# Bicho (Insecto y hasta animal grande)



## Pixidio

Buenas a todos. 

Recuerdo que cuando era chico, la palabra bicho estaba casi restringida a los insectos; casi a ninguna otra cosa se le llamaba bicho. Con el tiempo la palabra se fue extendiendo a otros grupos zoológicos no mamíferos, pero con un fuerte matiz despreciativo (ese bicho asqueroso, diciendo de un sapo por ejemplo) y hoy en día, bicho se usa para cualquier animal; de pronto hasta un elefante puede ser un bicho y ya no tiene ese matiz de antes.

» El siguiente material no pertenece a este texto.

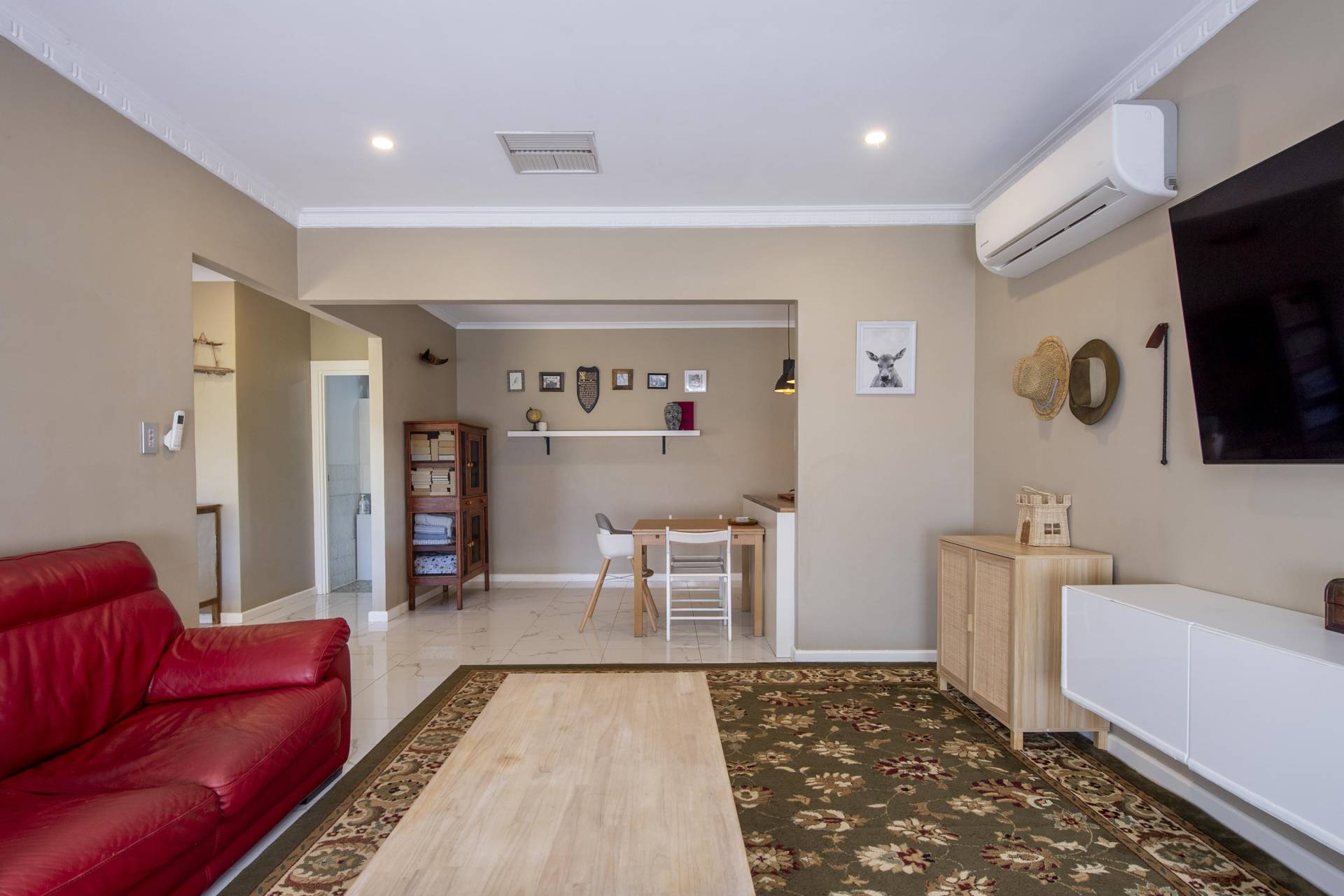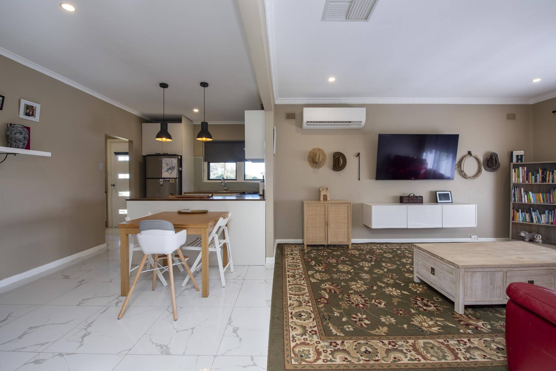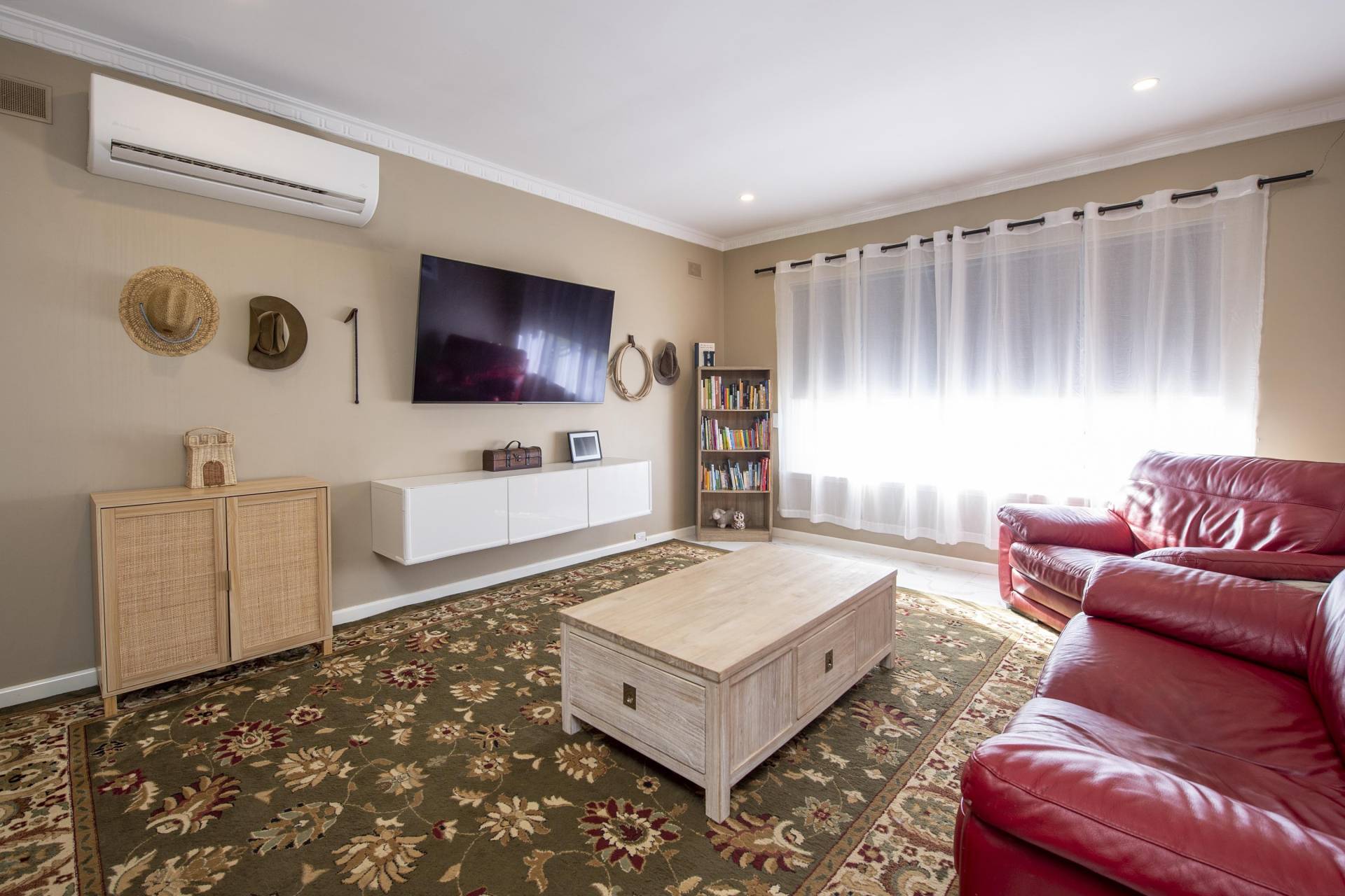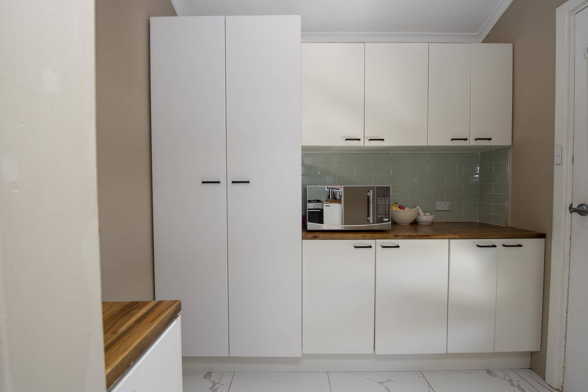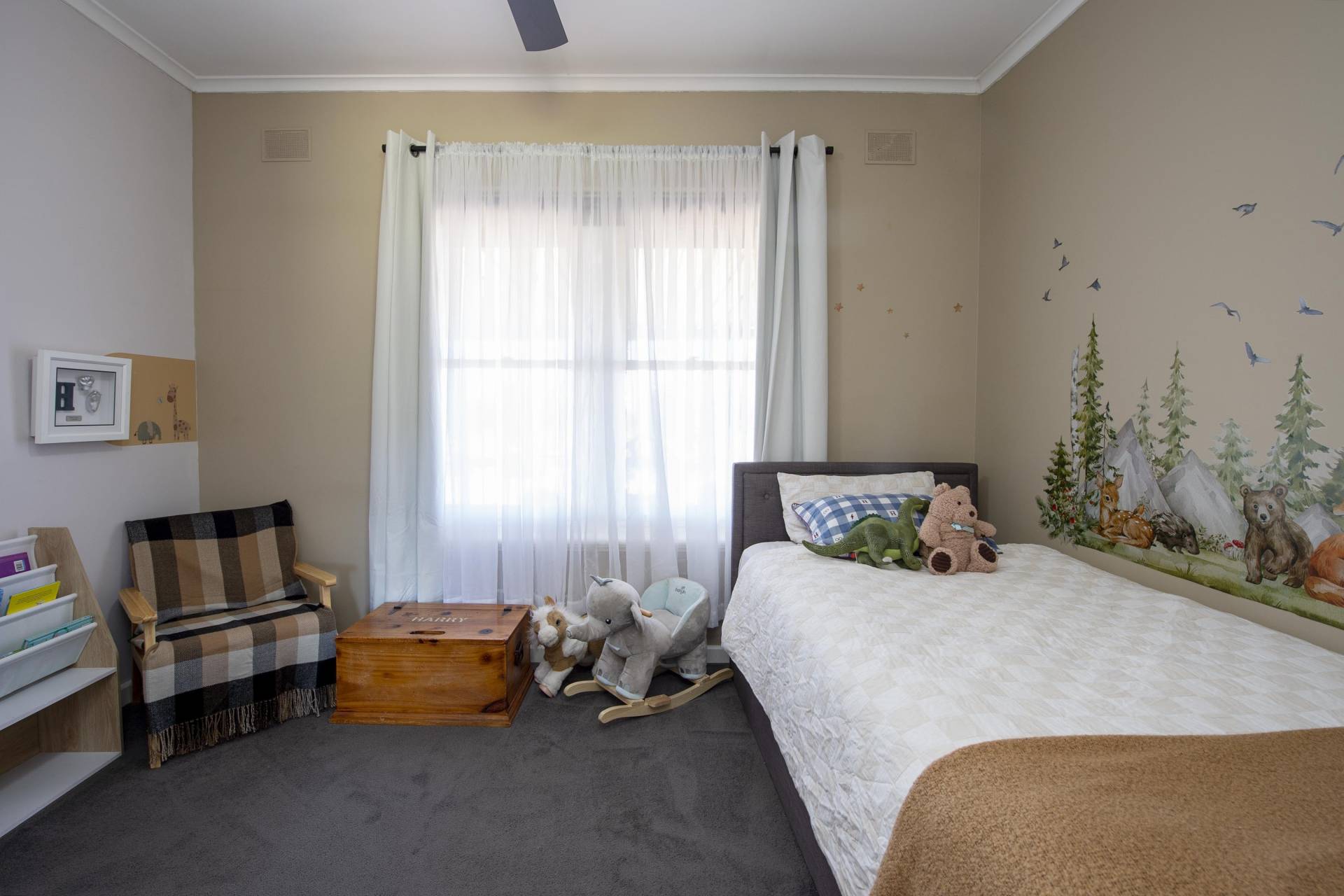 Built in 1950’s, this established home exudes light and warmth. The interior features an open plan layout that seamlessly flows from the living area to the kitchen and dining space. The modern kitchen has been tastefully updated with crisp white cabinetry with timber benchtops, subway splashback tiles, stainless steel stove with gas cooktop, range hood, sink and a handy butler's pantry with plenty of storage include.

Creo que el único animal que viene zafando de ser un bicho somos nosotros (pero tengo algunos conocidos temerarios -y por supuesto que no demasiado influyentes- empeñados en evidenciar nuestra condición de bichos). 

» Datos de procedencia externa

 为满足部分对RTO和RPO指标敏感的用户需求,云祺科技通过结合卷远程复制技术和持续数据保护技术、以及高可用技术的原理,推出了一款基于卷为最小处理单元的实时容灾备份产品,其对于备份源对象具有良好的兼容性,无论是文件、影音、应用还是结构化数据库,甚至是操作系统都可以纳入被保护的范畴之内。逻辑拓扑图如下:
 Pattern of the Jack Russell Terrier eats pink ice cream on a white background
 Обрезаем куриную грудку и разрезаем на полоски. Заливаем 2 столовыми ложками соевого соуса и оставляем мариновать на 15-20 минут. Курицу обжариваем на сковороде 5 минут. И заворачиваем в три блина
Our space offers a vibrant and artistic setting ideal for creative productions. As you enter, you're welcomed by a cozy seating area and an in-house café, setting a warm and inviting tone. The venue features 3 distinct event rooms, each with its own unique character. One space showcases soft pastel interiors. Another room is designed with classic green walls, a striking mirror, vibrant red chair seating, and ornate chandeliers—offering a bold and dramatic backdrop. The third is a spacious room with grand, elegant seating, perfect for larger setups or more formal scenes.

De hecho, tengo profesores y conocidos (zoólogos) que hace unos años se hubieran ofendido irreparablemente si uno trataba de bicho a la adorable y angelical criatura depositaria de su expectativa laboral futura y dedicación (en algunos casos bichos realmente horribles y deformes pero mentir al respecto es algo noble, tanto como cuando conocés a los hijos de tus amigos) y algunos de ésos hoy lo usan para referirse a sus bichos con cierto cariño.

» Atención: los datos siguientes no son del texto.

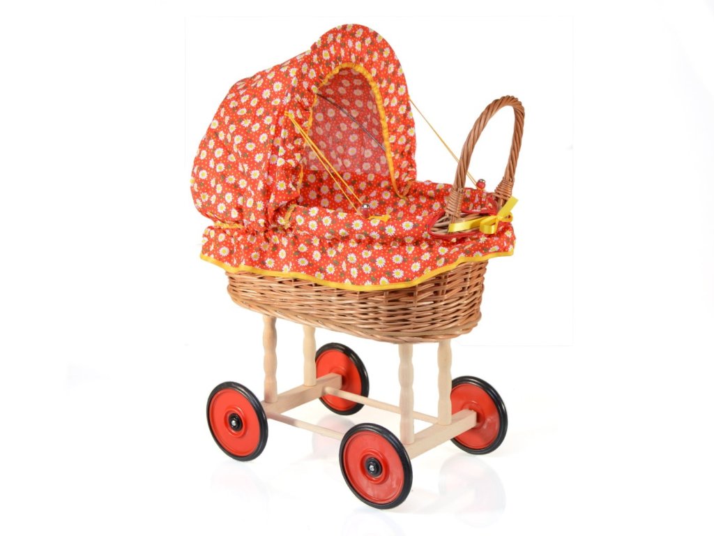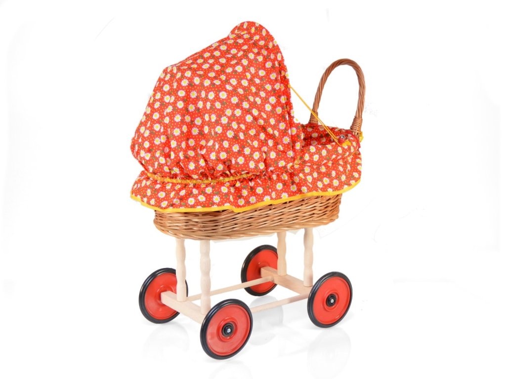 Kočárek pro panenky by neměl chybět v žádném dětském pokojíčku malé slečny. Proutěný kočárek je obšitý nádhernou červenou látkou s drobnými kvítky, která bude krásně ladit ke každé panence. Vnitřek kočárku je vystlán polštářkem a peřinkou ve stejném barevném provedení a jeho stříška je sklopná, aby měla panenka za krásného dne výhled na blankytně modrou oblohu.
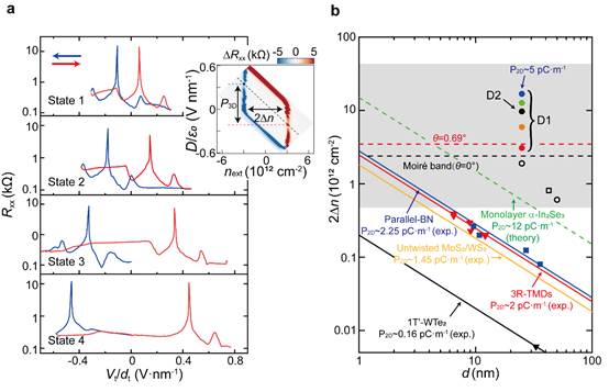 图1:不同铁电极化态的回滞现象 (a) 样品的四种不同铁电回滞态,插图为铁电极化定义和取值方式;(b) 实验观测到的铁电极化强度(填充圆点)与现有已报道相关界面铁电材料体系对比
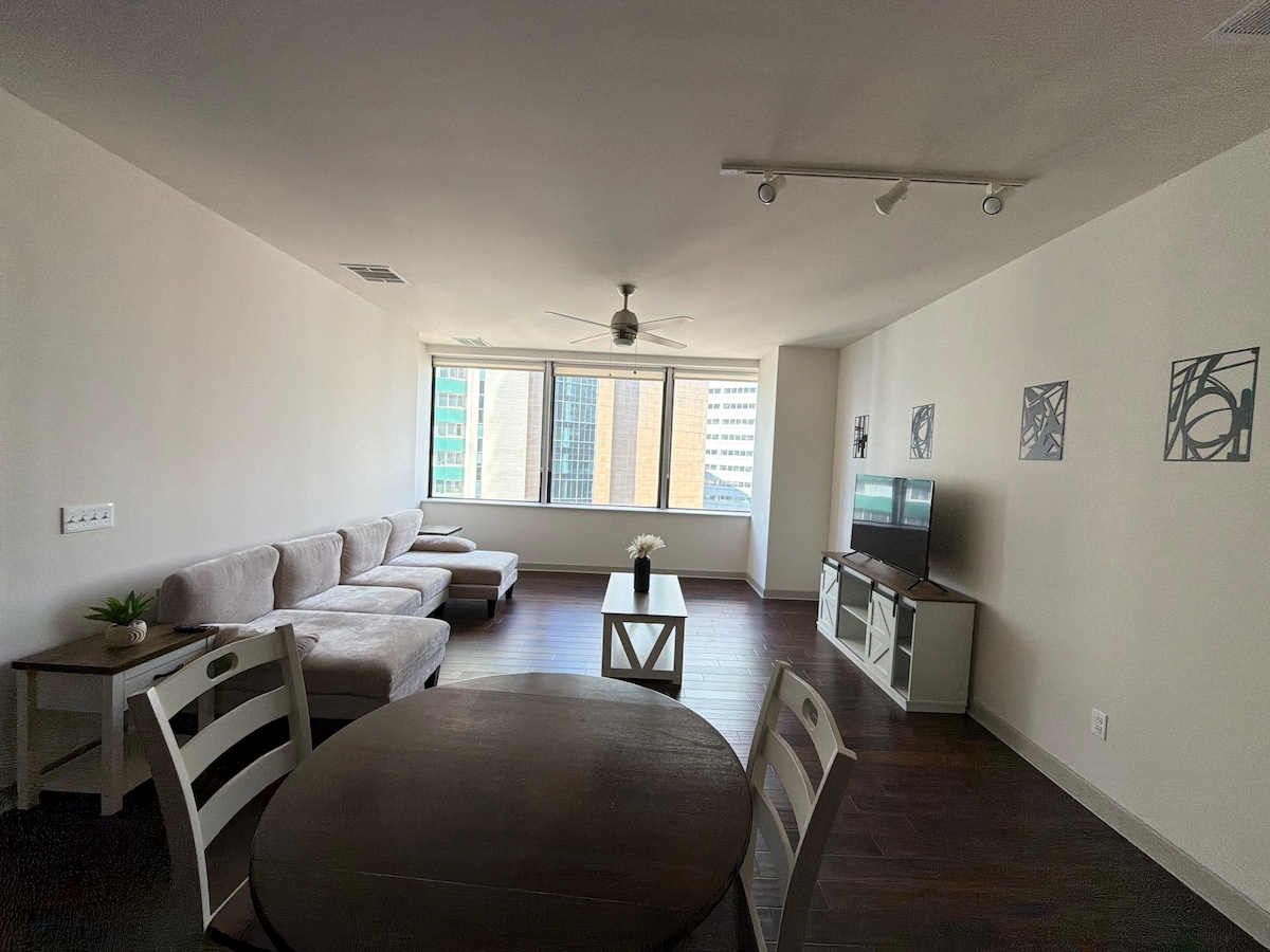 Welcome to our amazing Downtown Dallas high rise! Enjoy a stylish experience at our place in the heart of downtown. Close proximity to several restaurants and every event space. Enjoy amazing views through our floor to ceiling windows, or chill on the large balcony. Comes with free garage parking , full kitchen and all amenities a luxury apartment has to offer.
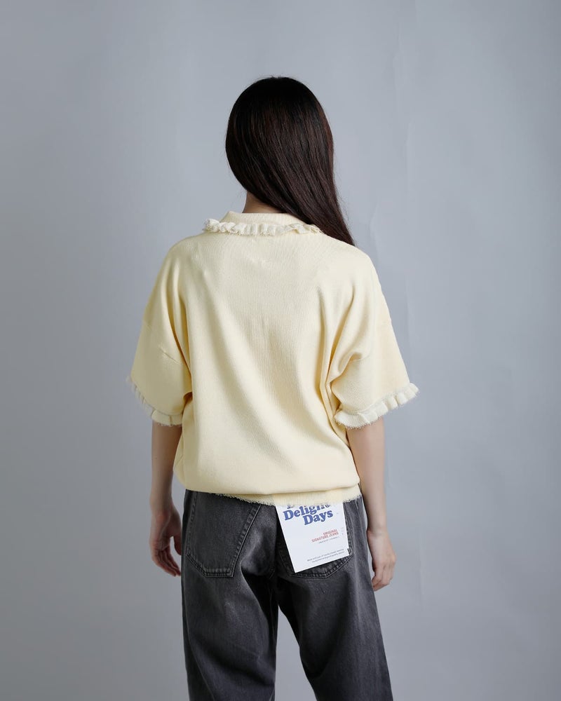 襟にたっぷりとフリルをあしらった、贅沢なディティール。細かな糸が見えるフリンジのフリルで、お顔周りがぱっと華やぎます。

En fin, cómo se usa en sus regiones "bicho" (suponiendo que se use).  

Gracias.


----------



## Nipnip

Pixidio said:


> Buenas a todos.
> 
> Recuerdo que cuando era chico, la palabra bicho estaba casi restringida a los insectos; casi a ninguna otra cosa se le llamaba bicho. Con el tiempo la palabra se fue extendiendo a otros grupos zoológicos no mamíferos, pero con un fuerte matiz despreciativo (ese bicho asqueroso, diciendo de un sapo por ejemplo) y hoy en día, bicho se usa para cualquier animal; de pronto hasta un elefante puede ser un bicho y ya no tiene ese matiz de antes. Creo que el único animal que viene zafando de ser un bicho somos nosotros (pero tengo algunos conocidos temerarios -y por supuesto que no demasiado influyentes- empeñados en evidenciar nuestra condición de bichos).
> 
> De hecho, tengo profesores y conocidos (zoológos) que hace unos años se hubieran ofendido irreparablemente si uno trataba de bicho a la adorable y angelical criatura depositaria de su expectativa laboral futura y dedicación (en algunos casos bichos realmente horribles y deformes pero mentir al respecto es algo noble, tanto como cuando conocés a los hijos de tus amigos) y algunos de ésos hoy lo usan para referirse a sus bichos con cierto cariño.
> 
> En fin, cómo se usa en sus regiones "bicho" (suponiendo que se use).
> 
> Gracias.



Tal como lo indicas al principio del hilo, casi exclusivamente para insectos o para personas ruines en un sentido figurado. No se me olvidará la primera vez que escuché en una película española a una mujer llamarle bicho a ¡una culebra!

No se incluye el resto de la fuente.